Fleshing Out the “Brainlogging” Concept
The group envisioned a system that records and stores neural activity while a person navigates the Internet and interacts with digital media. They chose not to specify what type of brain imaging technology would be used, or which neural regions would be monitored, judging these technical considerations to be outside the scope of the meeting. However, it was
assumed for purposes of discussion that scientists could already chronically record neural activity for large populations using minimally invasive, low-cost technology—a scenario they agreed was futuristic but not unrealistic. The remaining challenges in creating such a system would be:
• Analyzing huge sets of brain data to extract the interesting or relevant features
• Timestamping online media so that each neural response could be connected to the content that provoked it
• Determining which brain activity is relevant, and if necessary, separating purely sensory functions (eye movements to track video, for example), from deeper emotional responses
Even if innovative computer science models could address these issues, broader concerns remain. This extreme form of datalogging raises questions of privacy, particularly if such data were incorporated into social media. Companies might be motivated to use brain data to target advertising more directly, capitalizing on subconscious emotional characteristics of users to manipulate buying behavior. A user’s data might also be used as a predictive tool to draw conclusions about character flaws or even criminal tendencies. Employers might use such data to discriminate among candidates based on their neural habits. As with any personal information collected and evaluated in the context of the Internet, questions of social policy abound.
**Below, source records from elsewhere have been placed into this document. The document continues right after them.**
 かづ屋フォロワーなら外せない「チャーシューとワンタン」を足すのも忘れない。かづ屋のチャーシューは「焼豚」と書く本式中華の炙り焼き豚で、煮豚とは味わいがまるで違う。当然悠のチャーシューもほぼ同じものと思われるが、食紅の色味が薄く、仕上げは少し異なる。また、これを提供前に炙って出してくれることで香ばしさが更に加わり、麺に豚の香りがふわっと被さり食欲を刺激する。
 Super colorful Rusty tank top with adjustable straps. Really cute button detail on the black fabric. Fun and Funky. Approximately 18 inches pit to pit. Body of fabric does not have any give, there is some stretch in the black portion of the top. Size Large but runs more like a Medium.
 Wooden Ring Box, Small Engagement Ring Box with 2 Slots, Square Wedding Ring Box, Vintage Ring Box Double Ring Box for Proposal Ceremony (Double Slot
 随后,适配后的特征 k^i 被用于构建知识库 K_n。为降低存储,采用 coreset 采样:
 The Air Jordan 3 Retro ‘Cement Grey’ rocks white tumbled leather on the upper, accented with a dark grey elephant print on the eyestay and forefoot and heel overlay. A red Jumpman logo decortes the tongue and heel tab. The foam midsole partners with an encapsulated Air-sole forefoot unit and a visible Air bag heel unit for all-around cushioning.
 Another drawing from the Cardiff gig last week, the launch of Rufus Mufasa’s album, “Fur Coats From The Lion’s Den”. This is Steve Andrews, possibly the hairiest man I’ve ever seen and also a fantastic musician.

Envisioning a “Brainlogged” Future
Beyond the originally envisioned benefits of neural recording, the team identified other parts of our lives that might be revolutionized in a “brainlogged” environment.
Users might reap health benefits from having memory banks to store neural data. Medical professionals could analyze these data as another diagnostic tool or as a way of monitoring patient wellbeing. The system might be able to identify the neural precursors to certain illness. In particular, the team suggested that diseases like Alzheimer’s and Parkinsons have distinct neural “warning signs” that might enable early detection. Individuals with mental illness such as depression might benefit from more thorough tracking of their emotional states.
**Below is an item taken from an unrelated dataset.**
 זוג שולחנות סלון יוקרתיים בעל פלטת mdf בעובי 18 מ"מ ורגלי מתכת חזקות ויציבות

The system also has potential as an educational tool. Online learning environments often lack sufficient feedback about student understanding,
attentiveness, and investment. This direct form of monitoring could allow educators to track the neural patterns of their students closely and adjust the learning environment to help students succeed.
Finally, an application that might resonate in an age of increasing social fragmentation is “bHarmony”—a romantic matching system based on neural similarities and shared emotional responses. (Perhaps neural logging would offer more personality insight than a series of multiple-choice questions….) The group took into account evidence presented at this year’s NAKFI conference about the possible decline in meaningful human interaction in the digital age. The members suggest that “brainlogging” technology could someday create a healthier, more emotionally enriching world around our changing brains.